Such spectres can be eliminated by our knowledge, understanding and consideration of how they wield their power over us. The ghosts will run for cover once they are challenged by our awareness of them. Defeating these other-wordly entities from our past will herald the beginning of our recovery- from being haunted and tormented – to a new kind of inner freedom.

Ghost Running. Pixabay.
Thus, before we can ever rid ourselves of these ‘ghosts,’ we have to recognise and identify them within our unconscious selves. We do not, therefore, journey outwards, but inwards, into ourselves. This internal voyage might be facilitated by such experiences as psychotherapy, counselling, religious practice, meditation, mindfulness, or yoga.“Atrocities, however, refuse to be buried. Equally as powerful as the desire to deny atrocities is the conviction that denial does not work. Folk wisdom is filled with ghosts who refuse to rest in their graves until their stories are told. Murder will out. Remembering and telling the truth about terrible events are prerequisites both for the restoration of the social order and for the healing of individual victims.”

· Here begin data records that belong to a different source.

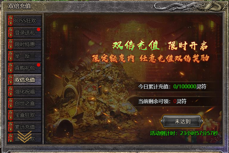 1.活动期间,每充值一定的灵符可领取一份奖励;
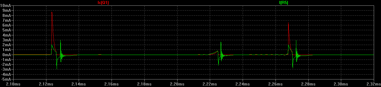 Johann R. schrieb: > kann man das Abschalten mit Kondensatoren irgendwie beschleunigen? Widerstand parallel zu B-E, oder Sättigung verhindern -> Schottky-Transistor. Johann R. schrieb: >> Außerdem entstehen am Kollektor Q2 Sprünge von 12V, die durch R5 Ströme >> von fast 5mA erzeugen (natürlich immer nur kurz, aber so kommt was >> zusammen), und natürlich fließen durch R1 auch immer fast 10mA. > > Simulation besagt was anderes. Siehe Bild Du meinst 9mA ist nicht das gleiche wie fast 10mA? Oder dass die nicht "immer" fließen? Ich meinte natürlich auch nicht, dass die 10mA dauerhaft fließen, sondern nur an der Einschaltflanke! Das ist doch aus der Schaltungsfunktion klar.
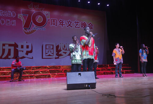 晚会以“铭记历史 圆梦中华”为主题,共分“起来,不屈河山”,“筑城,保家卫国”,“前进,铁血担当”,“复兴,圆梦中华”四个篇章。晚会在大合唱《松花江上》中拉开序幕。这是一首传唱不衰的经典曲目,唱出了“九•一八”事变后东北民众乃至全国人民的悲愤情怀,唤醒了民族之魂,点燃了中华大地的抗日烽火。舞蹈《血染金陵》用艺术的形式再现了1937年发生在南京的那场惨绝人寰的大屠杀;浴血奋战抗敌寇,血肉长城壮山河。《庐山将士》讲述了抗战史上一页悲壮篇章——庐山保卫战;《保卫黄河》、《新四军军歌》、《铁军》,让现场观众重温了中华儿女为解救民族危亡,在抗日战争中写下了惊天地、泣鬼神、壮国威的壮丽诗篇;《长城谣》、《二月里来》、《南泥湾》、《沙家浜•军民鱼水情选段》等一曲曲耳熟能详的经典曲目则把大家带回了那段军民团结、共敌外侮的历史时期;由留学生代表演唱的《老兵不死》博得了观众们的热烈掌声;《走向纪念碑》、《走向复兴》、《中华好儿郎》、《共圆中国梦》,豪情满怀,尽情表达中华儿女齐心协力共圆中国梦的雄心壮志,唱响了“圆梦中华”的活动主题。
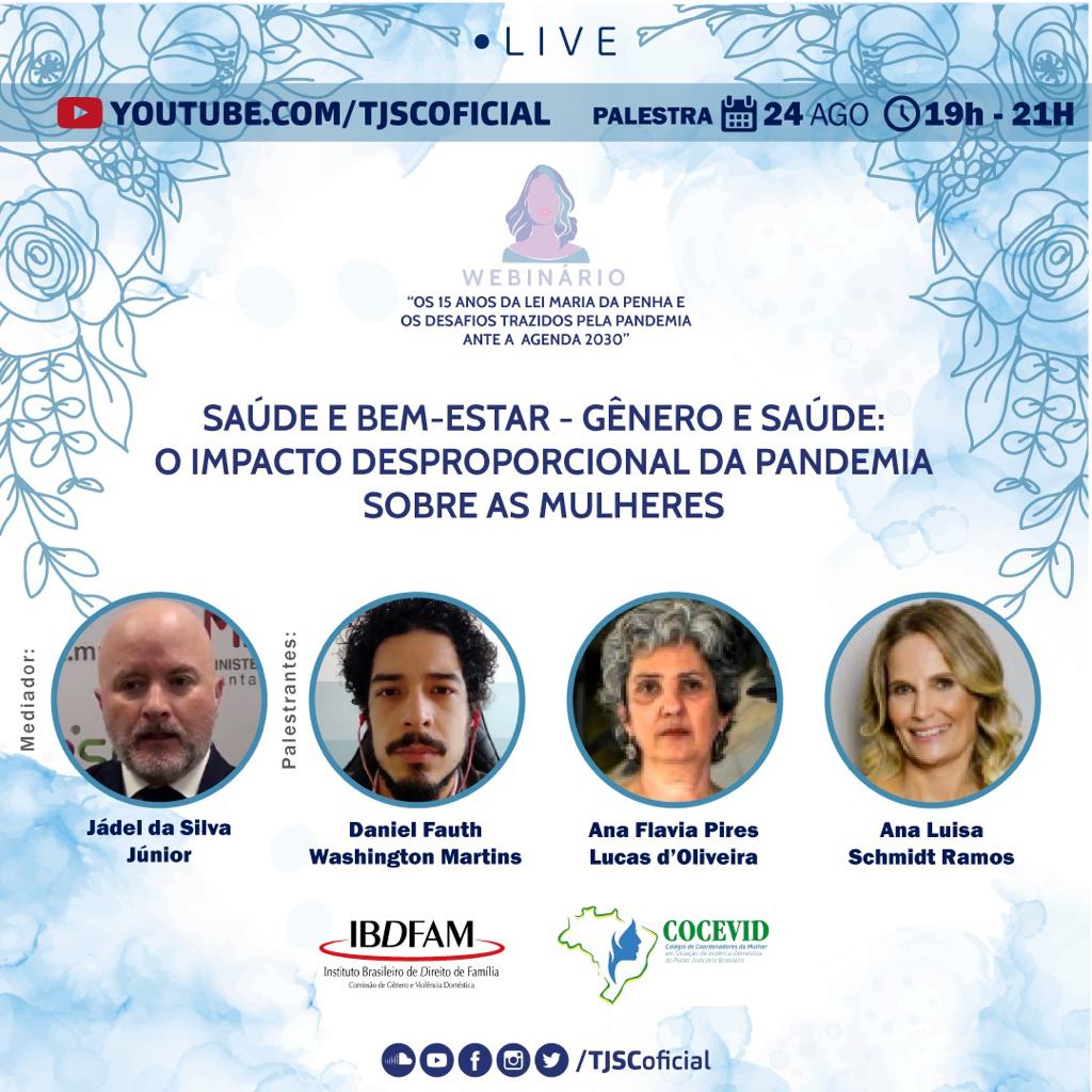 Live das 19h às 21h integra Webinário sobre os 15 anos da Lei Maria da Penha. Mediador: Jádel da Silva Junior. Palestrantes: Daniel Fauth Washington Martins, Ana Flavia Pires Lucas d'Oliveira e Ana Luisa Schmidt Ramos. Acompanhe em youtube.com/tjscoficial.
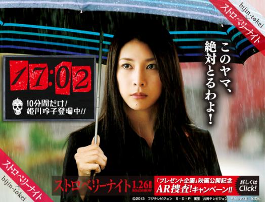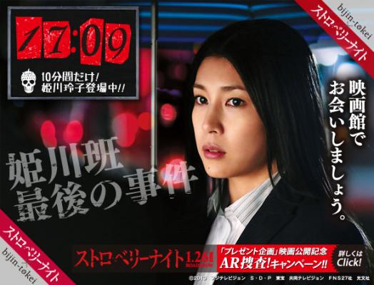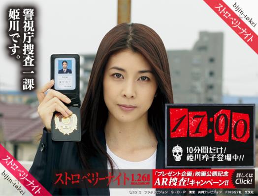 福岡美人時計・姫川玲子の画面のバナーをクリックすれば、映画グッズが当たるキャンペーンページへ。AR捜査に参加すると、映画関連グッズが抽選でもらえます。
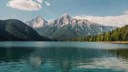 Beautiful alpine lake with crystal clear water and high mountains in background
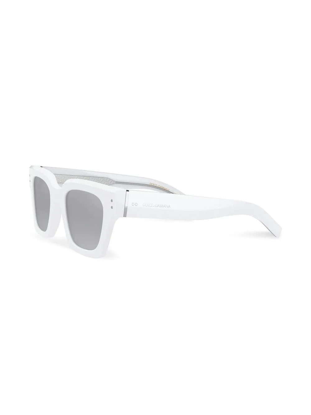 Wit, D-montuur, grijze glazen, glazen met UV-bescherming, logoprint op het pootje, rechte pootjes en gebogen uiteinde. Deze bril wordt verkocht met een beschermhoes..
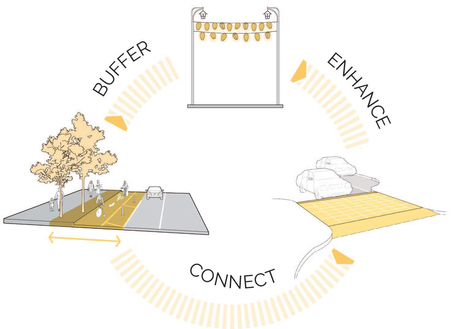 Software used : ArchiCAD, Photoshop, Illustrator, QGIS, Indesign, AutoCAD, Affinity. The Mobility stitch

Judith Lewis Herman, Trauma and Recovery
Trying to find peace from the ghosts of the past outside of ourselves will not be effective. Many people do this, thinking that a luxurious bubble bath, a massage, lit scented candles, a quiet garden, sitting on top of a mountain, or completing a set of tasks and exercises, will be their permanent solution. Whilst all these might be palliative externally, those who seek such ‘solutions’ do not realise that the answer is concealed somewhere deep within themselves.“The only journey is the journey within.”
Rainer Maria Rilke
“Peace comes from within. Do not seek it without.”
Siddhārtha Gautama
Ghosts on a Tree, 1933. Franz Sedlacek. Wikimedia Commons
Within our minds, we all have an internal landscape, a vast and complex inner world of our creation, both conscious and unconscious, a blend of many aspects, including memories, dreams, beliefs, imaginings, experiences, fears, thoughts and feelings. There exist, inside us all, dark places, uncharted, unexplored areas, shadows, dense thickets of unconscious material. ‘Traversing’ such a scary landscape takes courage and patience, for there, deep within us, we will come face to face with our lurking monsters, our demons, the ghosts of the past, people and experiences who hindered or damaged our lives. How can we banish them and stop them from continuing to dominate us the present? Can we alter the patterns of a lifetime, perhaps of many lifetimes? Can we end the harmful legacy of generations of our ancestors who have been passing down ways of thinking and behaving that can be destructive, even evil?“Life is not so much defined by the external situation as it is by the internal one.”
Jacob Needle-man
“Freedom is what you do with what’s been done to you.”
Jean-Paul Sartre

John Morgan. Ghosts. 2011. Flickr.
“You cannot defeat darkness by running from it, nor can you conquer your inner demons by hiding them from the world. In order to defeat the darkness, you must bring it into the light.”
Seth Adam Smith.
Photograph of an oil painting by Andrew Stevovich, Woman with Autumn Leaves, 1994
We do have the choice, of course, of trying to ignore our ghosts. We can decide to ‘forget’ about disturbing events or scary people from our past. However, the likelihood is that, if we do this, then the pain and rage they created in us will emerge in another form.“Resentment and bitterness and old grudges were dead things, which rotted the hands that grasped them.”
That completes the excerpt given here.